Experimental program
Comparison scheme
Effect test

Embodiment 1

[0033] Step 1: Weigh cobalt nitrate, nickel sulfate and urea according to the molar ratio of cobalt, nickel and carbon atoms at 1:9:38 and grind them with a mortar for 20 minutes to fully mix them to obtain mixture A;

[0034] Step 2: Put the mixture A in a high-temperature tube furnace, and in a flowing argon atmosphere of 100 sccm, first rapidly raise the temperature to 150°C at a rate of 15°C / min, keep it warm for 0.5h, and cool it naturally to room temperature after the heat preservation is over. After taking out, obtain product B;

[0035] Step 3: Grind the product B with a mortar for 20 minutes, then put it into a freeze-drying box, and let it stand at a low temperature of -10°C for 6 hours;

[0036] Step 4: Take the above product out and put it into a high-temperature tube furnace. In a flowing argon atmosphere of 100 sccm, rapidly raise the temperature to 500 °C at a rate of 10 °C / min. After the heating is completed, naturally cool to room temperature and take it out t...

Embodiment 2

[0039] Step 1: Weigh cobalt sulfate, nickel nitrate and melamine according to the molar ratio of cobalt, nickel and carbon atoms at 1:10:30 and grind them with a mortar for 25 minutes to fully mix them to obtain mixture A;

[0040] Step 2: Put the mixture A in a high-temperature tube furnace. In a flowing nitrogen atmosphere of 100 sccm, first rapidly raise the temperature to 200°C at a rate of 30°C / min, and keep it for 1 hour. After the heat preservation is over, cool it naturally to room temperature and take it out , to obtain product B;

[0041] Step 3: Grind the product B with a mortar for 25 minutes, then put it into a freeze-drying box, and let it stand at a low temperature of -20°C for 4 hours;

[0042] Step 4: Take the above product out and put it into a high-temperature tube furnace. In a flowing nitrogen atmosphere of 100 sccm, rapidly raise the temperature to 550 °C at a rate of 20 °C / min. After the heating is completed, naturally cool to room temperature and take i...

Embodiment 3

[0045] Step 1: Weigh cobalt sulfate, nickel bromide and glucose according to the molar ratio of cobalt, nickel and carbon atoms at 1:20:20 and grind them with a mortar for 30 minutes to fully mix them to obtain mixture A;

[0046] Step 2: Put the mixture A in a high-temperature tube furnace, and in a flowing argon atmosphere of 100 sccm, first rapidly raise the temperature to 180°C at a rate of 20°C / min, keep it warm for 0.8h, and cool it naturally to room temperature after the heat preservation is over.
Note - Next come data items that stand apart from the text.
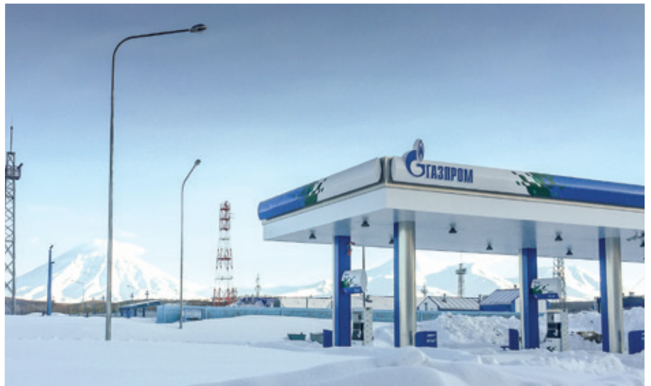
Auch unter arktischen Bedingungen mit Schnee und extremer Kälte versehen BAUER Anlagen zuverlässig ihren Dienst – der Grund, warum der Weltkonzern Gazprom auf die Technik des Marktführers im Bereich Hochdruckverdichtung vertraut.

BAUER KOMPRESSOREN zum Zuge, als im Rahmen eines russischen Erdgastankstellenprogramms vor fünf Jahren die Errichtung mehrerer leistungsstarker schlüsselfertiger Erdgastankstellen in Sibirien, darunter als östlichster Standort Petropawlowsk, ausgeschrieben wurde. Die endgültige Inbetriebnahme der Station musste nach erfolgreichem Abschluss der Installation und Übergabe noch bis zur Anbindung ans entstehende Erdgasnetz aufgeschoben werden.
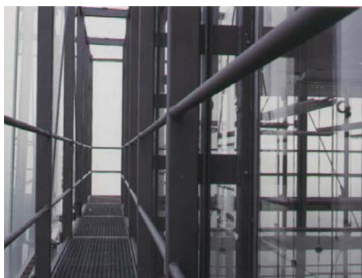
Ryc. 5. Fasada Muzeum Sztuki Współczesnej w Bregenz. . Peter Zumthor.

Współczesna podwójna fasada składa się z dwóch warstw: wewnętrznej, która jest termoizolacyjną, przeszkloną przegrodą z uchylnymi oknami, i zewnętrznej, wykonanej najczęściej z pojedynczych tafli szkła (ryc. 5,6).
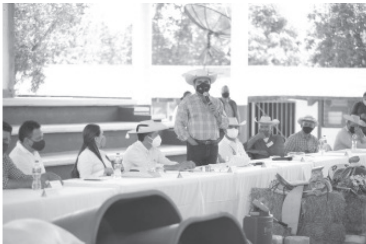
Inicia Gobernador trabajos para la construcción de la primera etapa de la calle Peregrinos y supervisa avance de la plaza principal y presidencia municipal.

-Entrega Gobernador 10 sementales a la Asociación Ganadera Local de Carácuaro -Inicia Gobernador trabajos para la construcción de la primera etapa de la calle Peregrinos y supervisa avance de la plaza principal y presidencia municipal
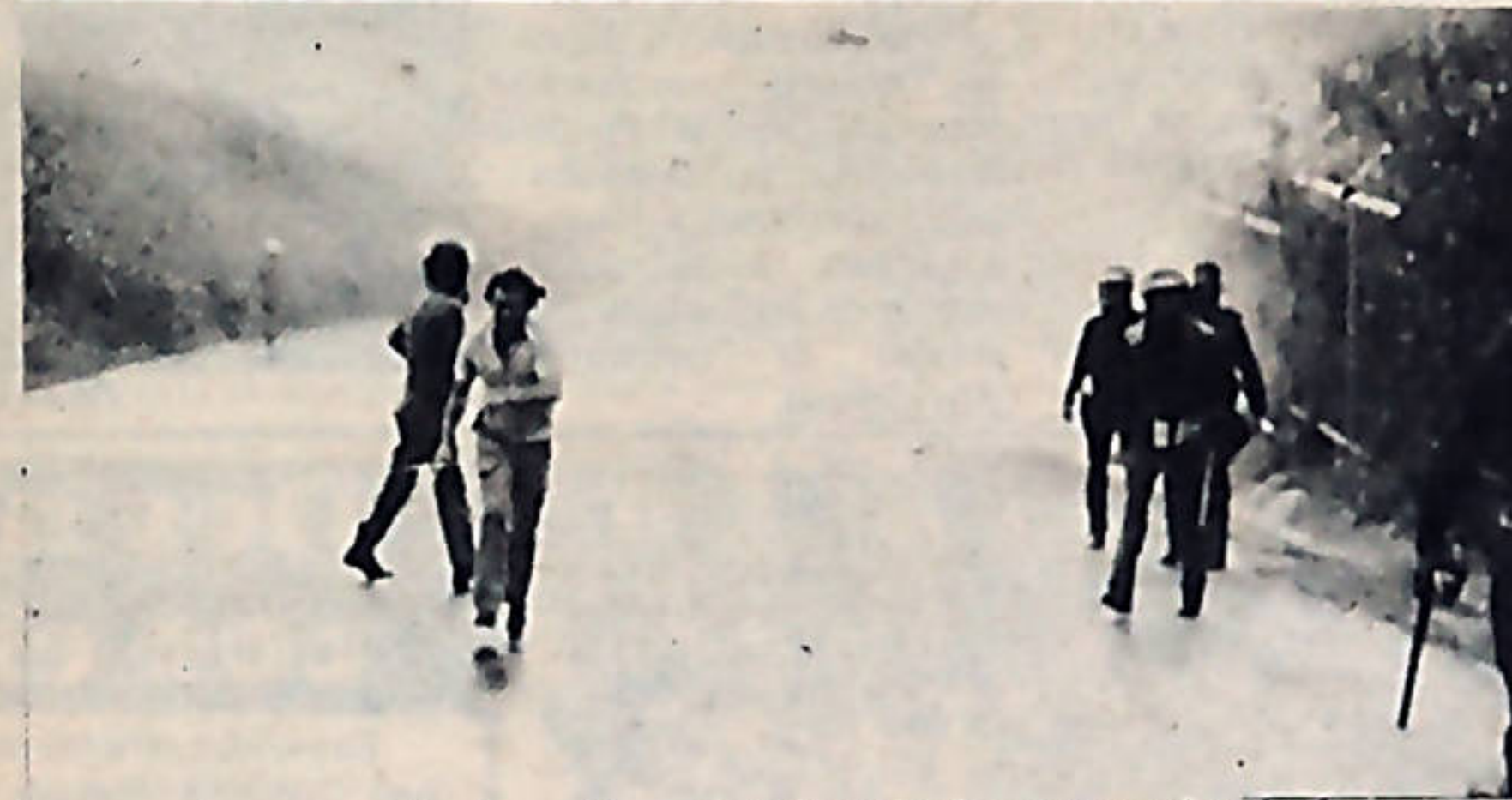
El gas y el garrote utilizados en forma brutal por las fuerzas represivas fue la respuesta a las justas peticiones de los trabajadores de Pozuelo.

Además, afirmaron que, los trabajadores en forma unánime se han manifestado a favor de la restitución del dirigente sindical a su puesto y denunciaron que "estamos dispuestos a ir a una huelga si la empresa continúa con las represalias y las arbitrariedades".
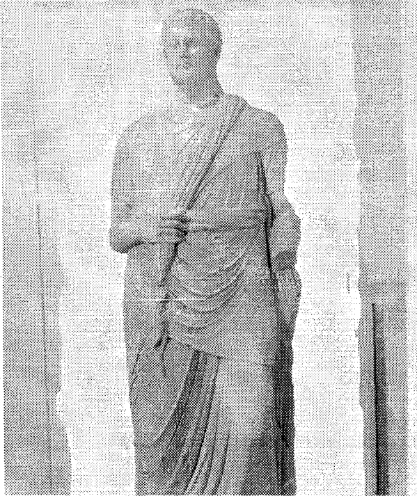
Άγαλμα Πτολεμαίου άρχοντος που βρέθηκε στο Ιερό του Απόλλωνα στη Βώνη
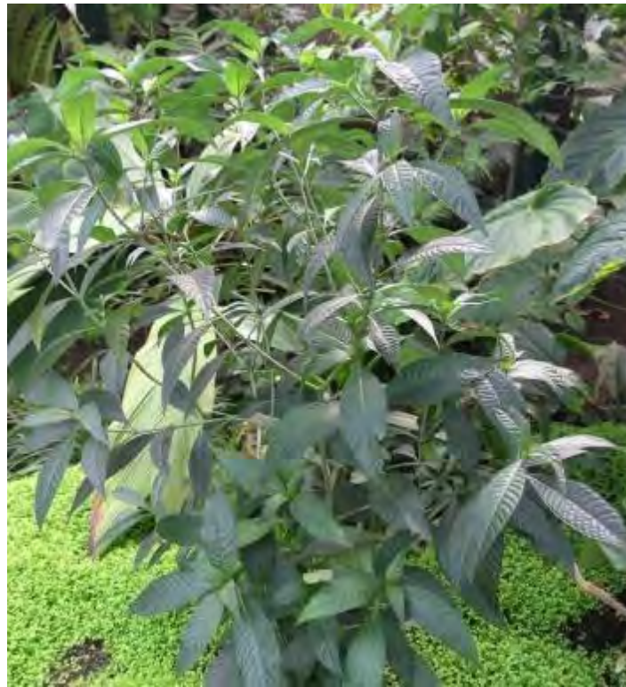
Psychotria tenuifolia (Rubiaceae) – Dull Leaf Wild Coffee
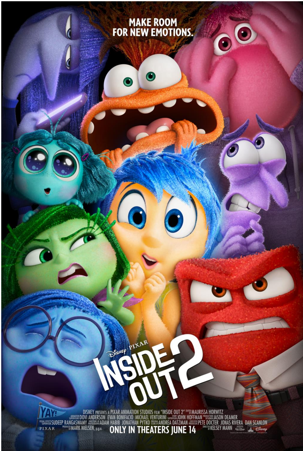
Affiche du film Vice Versa 2 – Sortie prévue le 19 juin aux Etats-Unis
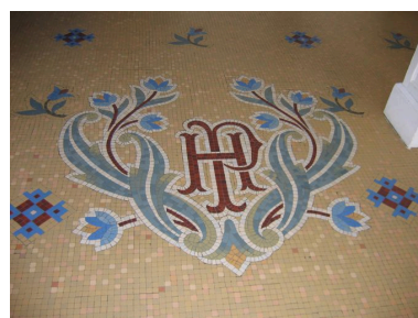
Céramique dans le hall d'entrée du Grand Hôtel de la Plage
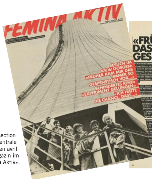
Les membres de la section Zurich visitent la centrale nucléaire de Gösigen en avril 1981.

En 1981, l'ASCM se penche sur un nouveau sujet, le tiers monde. Le comité central estime important que l'ASCM contribue à diffuser largement des informations objectives sur ce domaine de préoccupation traité lors de la conférence des présidentes du 3 novembre. A cette occasion, les participantes reçoivent du matériel d'information destiné à être distribué à tous les membres de l'ASCM afin de faire
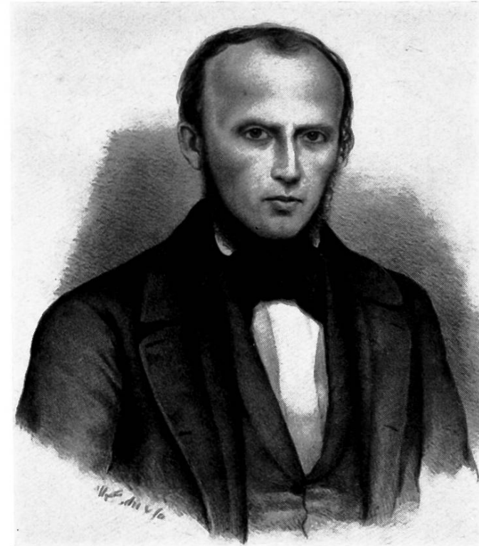
Heinrich Grunholzer 1819–1873 Nationalrat 1860–1873
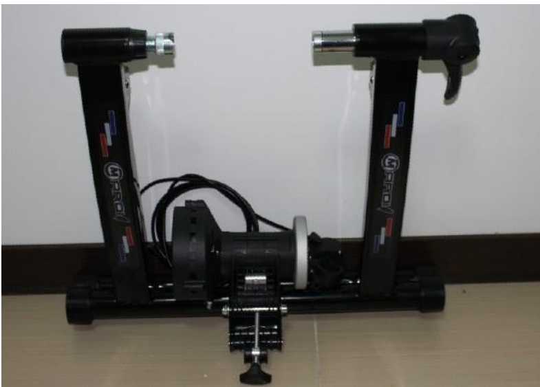
可一秒快速，輕鬆的牆角(邊) 折疊收納
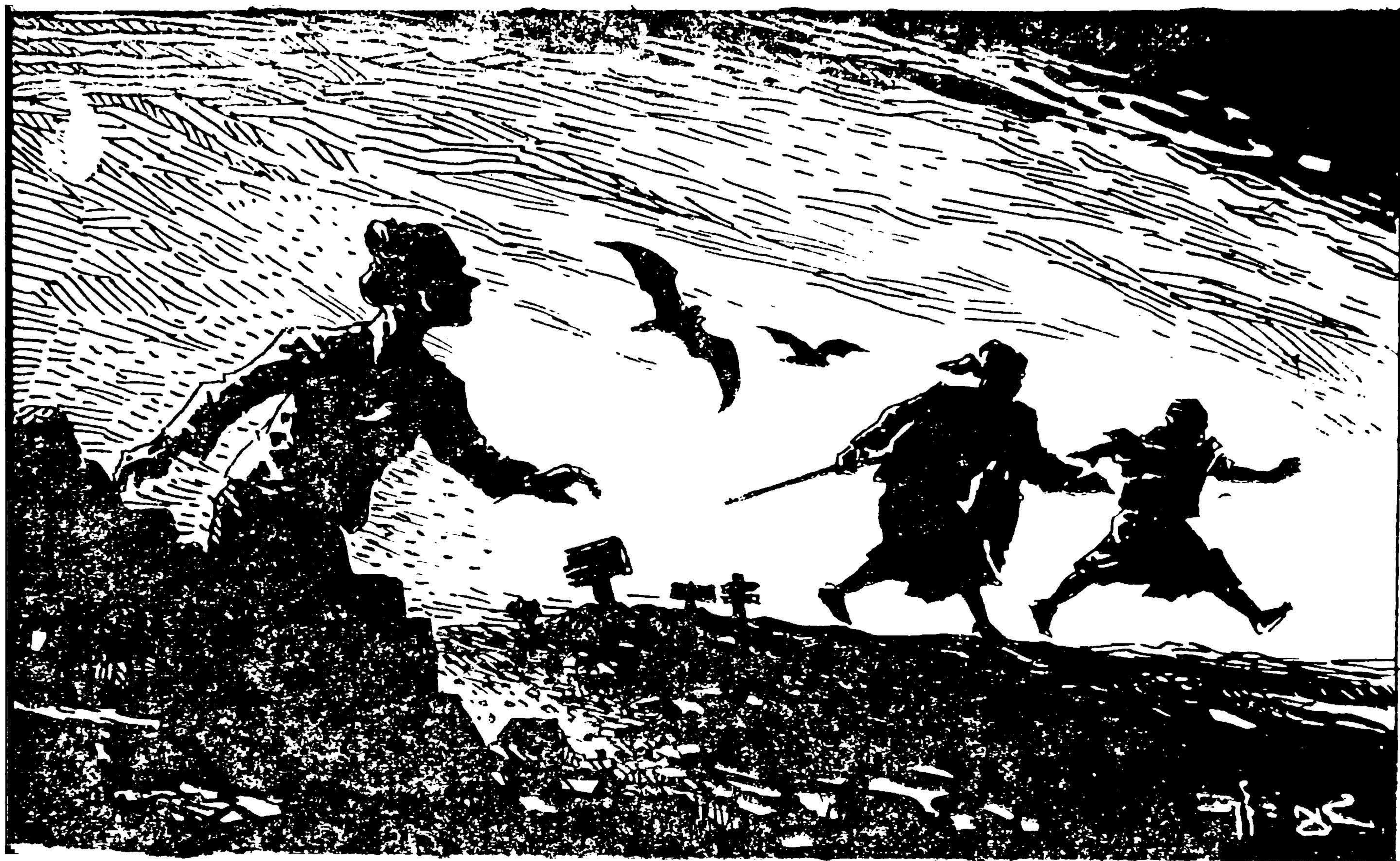
[အမယ်အိုနှင့် ဆေးဆရာ]
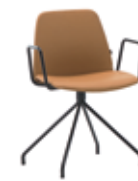
Steel swivel base Base giratoria de acero + metal arms / brazos metálicos
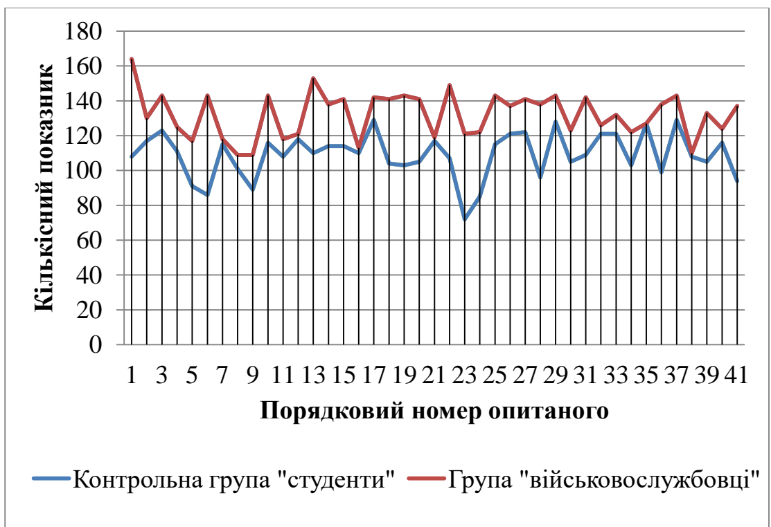
Графік співвідношення результатів двох груп
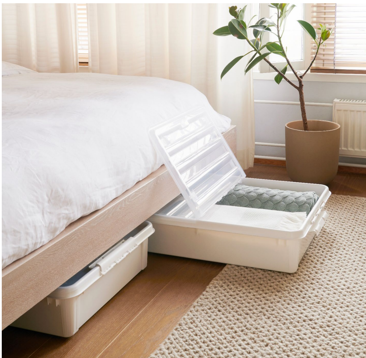
SmartStore bedroller 60 L

Vahva sitoutuminen strategiaan ja ennakoiva lähestymistapamme nopeasti muuttuviin markkinaolosuhteisiin tuovat mukanaan myönteistä kehitystä. Työntekijöidemme periksiantamattomuus ja sidosryhmiemme tuki ovat menestymisen avaintekijöitä. Teemme määrätietoisesti töitä pitkän aikavälin tavoitteidemme toteuttamiseksi.
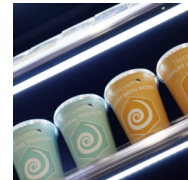
Éclairage LED sous chaque tablette
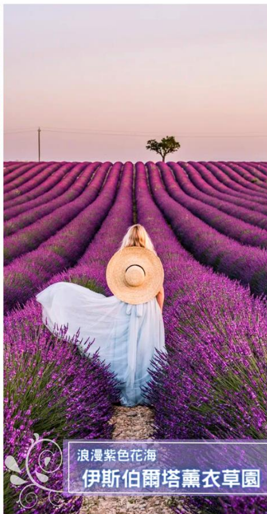
浪漫紫色花海 伊斯伯爾塔薰衣草園
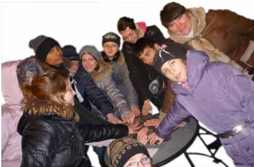
В Музее космонавтики нужно прикоснуться к метеориту - на счастье. Петербург, Петропавловская крепость.

Р азрешите поздравить замечательного, отзывчивого человека Валентину Костину с весенним праздником 8 марта!
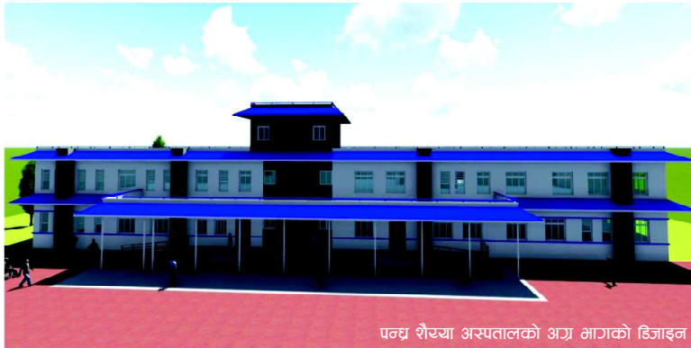
पन्ध्र शैर्या अस्पतालको अग्र भागको डिजाइन ।
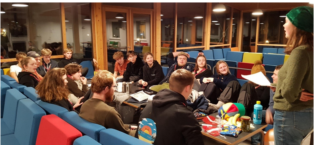
Klan Hans (unge spejdere 16-22 år) planlægger det sidste til natløbet for troppen på juleturen.
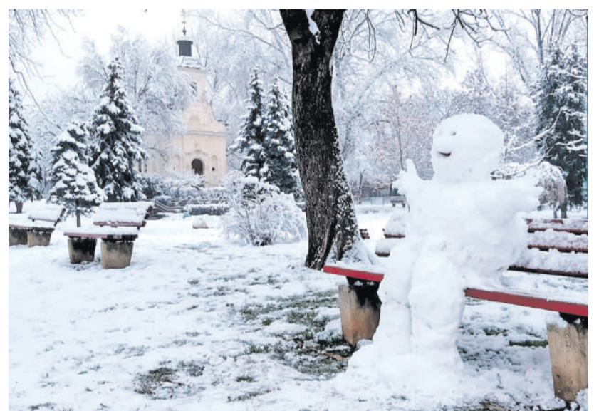
Hóember a Lechner téren.
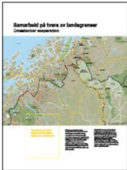
1150 x 1370 mm
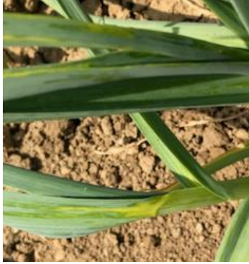
Symptômes d'acariens sur feuillage

Mesures prophylactiques : Voir BSV n°4 .
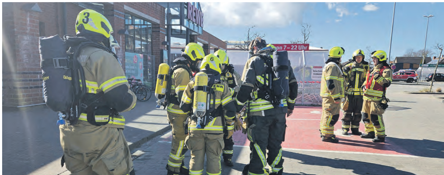
Die ersteintreffende Burger Wehr erkundete den Supermarkt mit mehreren Atemschutztrupps.
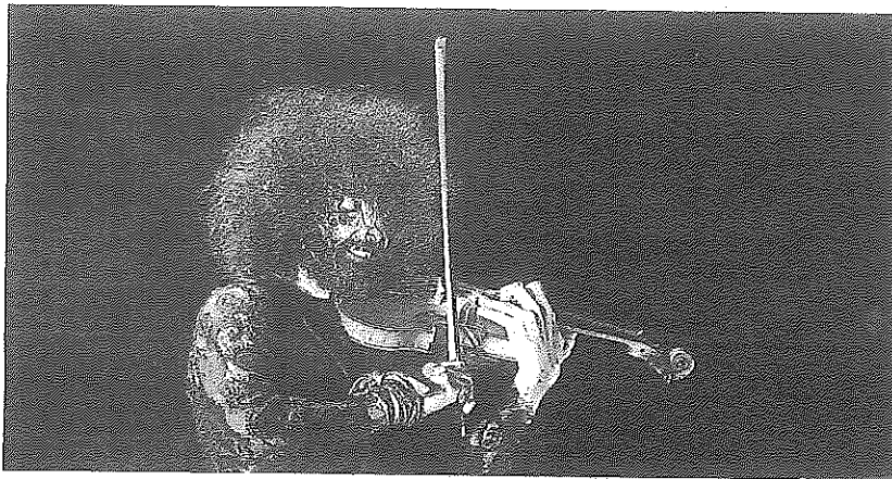
Ara Malikian en concierto.

En el caso de Malikian, su vuelta al pabellón se producirá a las 21.00 horas, "momento en el cual podremos disfrutar de uno de los shows más potentes de uno de los artistas internacionales más importantes del mundo", como recuerdan desde la promotora. "Desde los recintos más grandes y espectaculares de
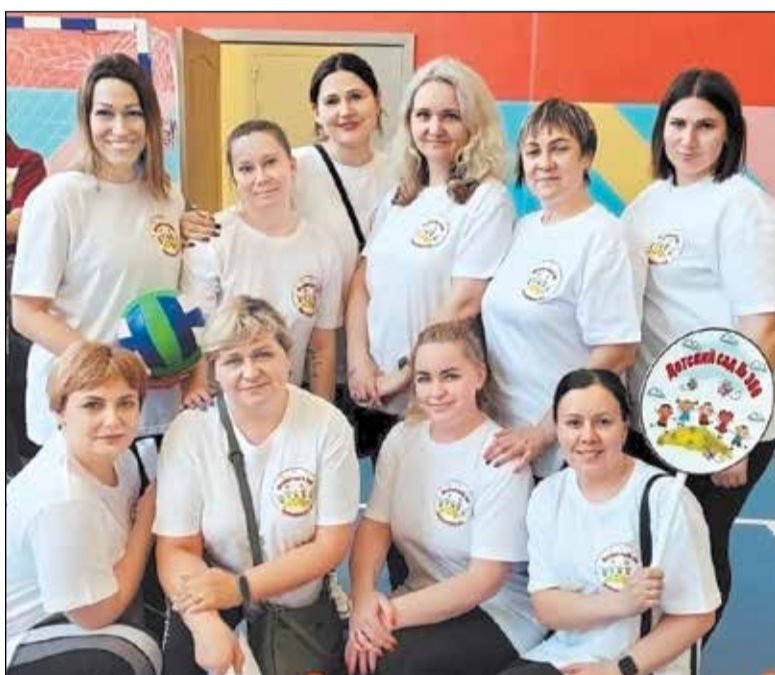
Команда детского сада № 366 заняла 2-е место в соревнованиях по дартсу в рамках окружной спартакиады, посвященной Году семьи, среди работников учреждений образования ЦАО г. Омска.

After taking out, obtain product B;

[0047] Step 3: Grind the product B with a mortar for 30 minutes, then put it into a freeze-drying box, and let it stand at a low temperature of -30°C for 3 hours;

[0048]Step 4: Take the above product out and put it into a high-temperature tube furnace. In a flowing hydrogen atmosphere of 100 sccm, rapidly raise the temperature to 600 °C at a rate of 30 °C / min. After the heating is completed, naturally cool to room temperature and take it...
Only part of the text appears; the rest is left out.